Plaintiff, a general contractor, entered into a construction agreement with nonparty Well-Come Holdings, Inc. to perform construction and excavation work on property owned by Well-Come. In 2004 an adjacent property owner commenced an action against Well-Come and plaintiff alleging that the excavation work had damaged its property. In 2006 Well-Come commenced a declaratory judgment action against plaintiff and its insurer. Defendant, as counsel for plaintiff, allegedly without plaintiff's knowledge and consent, stipulated with Well-Come's counsel that plaintiff and its insurer would jointly defend and indemnify Well-Come for all damages in connection with the project, including those that plaintiff claimed were caused by Well-Come's own negligence. In 2007 defendant entered into a second stipulation, allegedly without plaintiff's knowledge and consent, discontinuing the declaratory judgment action brought by Well-Come as against plaintiff and agreeing that plaintiff alone would defend and indemnify Well-Come (the 2007 stipulation). On July 29, 2013, a jury rendered a verdict as to damages against Well-Come and plaintiff, and on September 5, 2018, after five years of posttrial proceedings, a money judgment was entered against them jointly.
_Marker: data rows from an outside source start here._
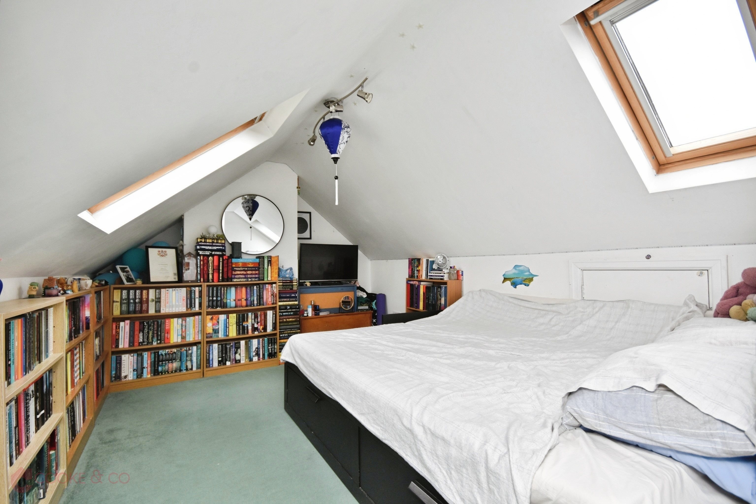 Sky light windows over head, carpeted, under eaves storage cupboard, radiator, skirting, power points
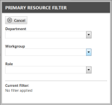 Primary Resource | Select a Primary Resource for the ticket. The Primary Resource is the person who is responsible for the ticket. Only resources who are members of at least one queue will appear on the drop-down list. Using the filter Select the filter you would like to apply to the Primary Resource drop-down list. You can show resources for a department, workgroup, or role. When you select an option, the page closes, you are returned to the ticket, and the Primary Resource drop-down list contains only resources for the specified department, workgroup, or role. Using the Find Resource wizard You can use the |
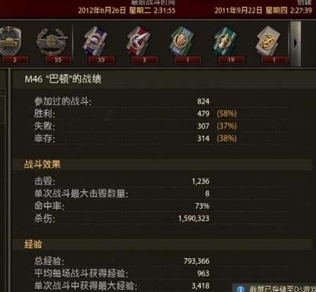 一直想写一个关于巴顿的帖子,刚好老爸在隔壁占用网络看电视,苦逼的我没炮撸只能在这里用手机热点泡论坛,发发帖子大家交流下了。不废话先上战绩。(还是老话,战绩不咋地,请各位炮友轻拍)先上数据:巴顿:(完全体)生命值:1750载重:41,07/41,2发动机功率(马力):820最大速度

Plaintiff commenced this action on September 17, 2018, alleging that defendant committed legal malpractice by entering into the stipulations. Plaintiff alleges that entering into the 2007 stipulation, which shifted the responsibility for Well-Come's defense from plaintiff's insurer to plaintiff alone, was professional negligence. In December 2018 defendant moved to dismiss the complaint pursuant to CPLR 3211(a)(5). The motion court ruled that the complaint was time-barred because the statute of limitations had begun to run on July 29, 2013, the date on which the jury rendered its verdict, which was the date on which plaintiff's damages were reasonably calculable. We affirm.
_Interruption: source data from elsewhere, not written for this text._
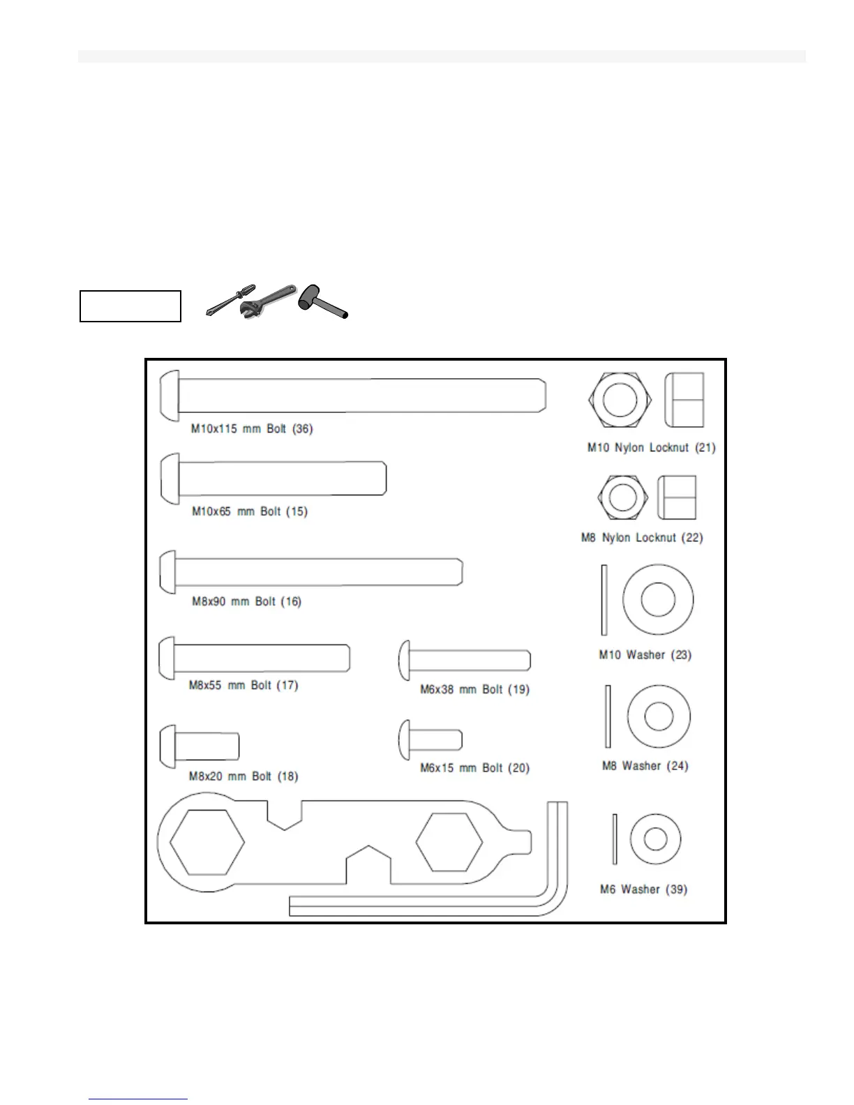 materials. Do not dispose of the packing materials until assembly is completed. See below a list
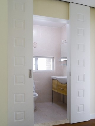 木制移門,最好把移門、導(dǎo)軌設(shè)計(jì)在衛(wèi)浴間外面,不易濺到水,使用壽命比放在里面長(zhǎng)。
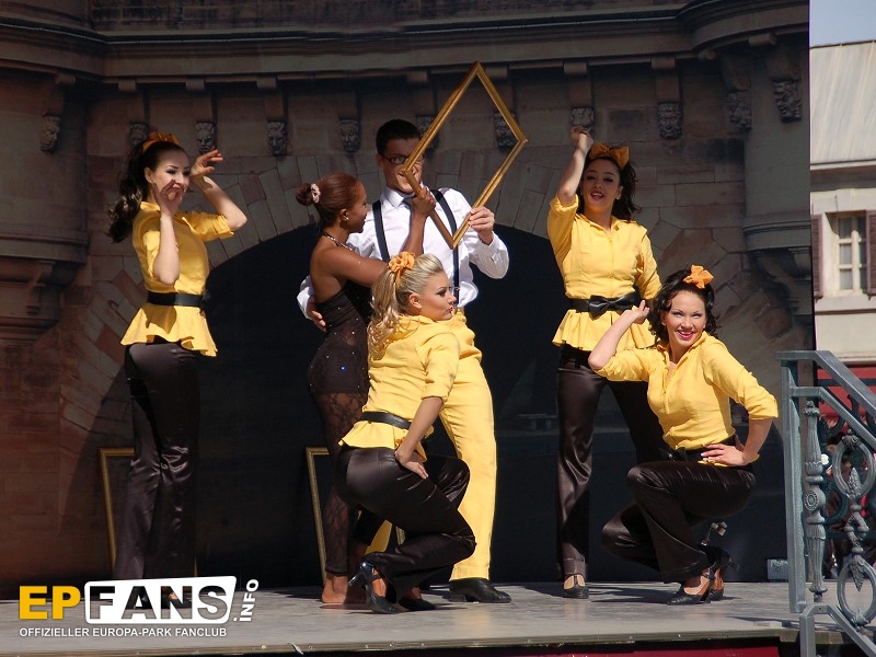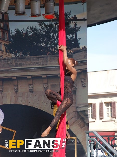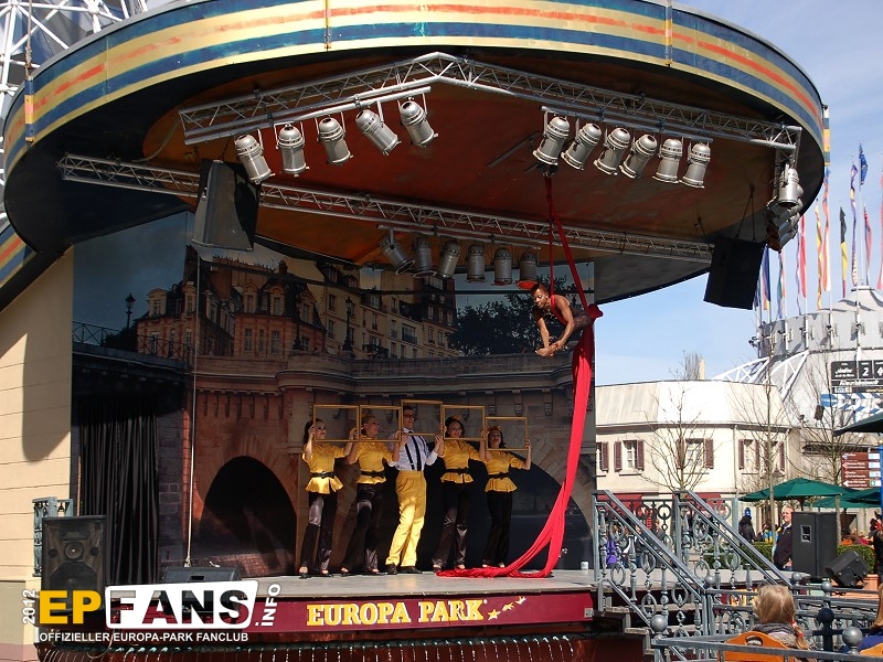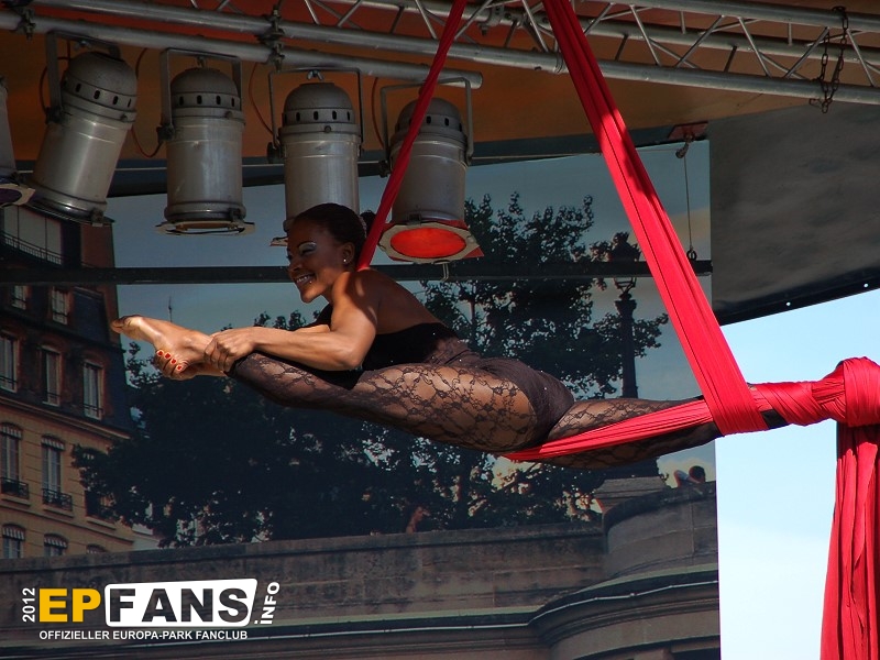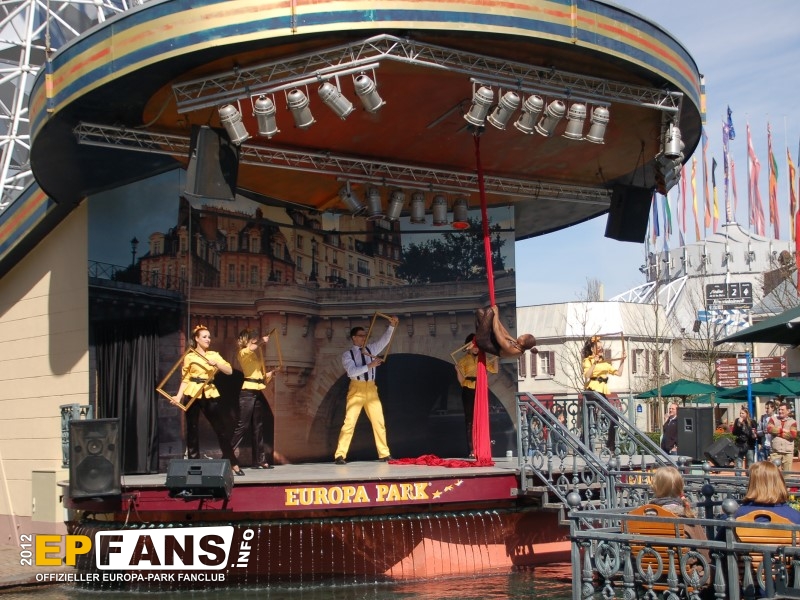 Tanz und Akrobatik 2012Frankreich - Auf der Seebühne im französischen Themenbereich wird in der Saison 2012 einmal am Tag (meist 12 Uhr) eine kurze Show unter dem Namen "Tanz und Akrobatik" aufgeführt.Eine Kombination von Tänzen des Europa-Park-Showballetts und artistischen Einlagen unterhalten sowohl die Gäste an den Tischen vor der Bühne wie auch vorbeigehende Parkbesucher. Die Show dauert ca. 15 Minuten.

"On a motion to dismiss a cause of action pursuant to CPLR § 3211(a)(5) as barred by the statute of limitations, a defendant must establish, prima facie, that the time within which to sue has expired. Once that showing has been made, the burden shifts to the plaintiff to raise a question of fact as to whether the statute of limitations has been tolled, an exception to the limitations period is applicable, or the plaintiff actually commenced the action within the applicable limitations period." (Quinn v McCabe, Collins, McGeough & Fowler, LLP, 138 AD3d 1085 [2d Dept 2016] [internal quotation marks omitted]).

"An action to recover damages for an attorney's malpractice must be commenced within three years from accrual (see CPLR § 214[6]). A legal malpractice claim accrues when all the facts necessary to the cause of action have occurred and an injured party can obtain relief in court. In most cases, this accrual time is measured from the day an actionable injury occurs [or when the damages are sufficiently calculable], even if the aggrieved party is then ignorant of the wrong or injury." (McCoy v v. Feinman, 99 NY2d 295, 301 [2002] [internal quotation marks and citation omitted]; King Tower Realty Corp. v G & G Funding Corp., 163 AD3d 541 [2d Dept. 2018]).

Any damages arising from defendant's alleged malpractice were sufficiently calculable

for pleading purposes when the jury rendered its verdict on July 29, 2013, and the action commenced on September 17, 2018 is time-barred.

Plaintiff has not shown that the statute was tolled or that plaintiff was actively misled or prevented in some extraordinary way from timely commencing a malpractice action (see Yarbro v Wells Fargo Bank, N.A., 140 AD3d 668, 668 [1st Dept 2016]; Jang Ho Choi v Beautri Realty Corp., 135 AD3d 451 [1st Dept 2016]). Moreover, our decision on the prior appeal is not law of the case on facts not presented therein.

THIS CONSTITUTES THE DECISION AND ORDER

OF THE SUPREME COURT, APPELLATE DIVISION, FIRST DEPARTMENT.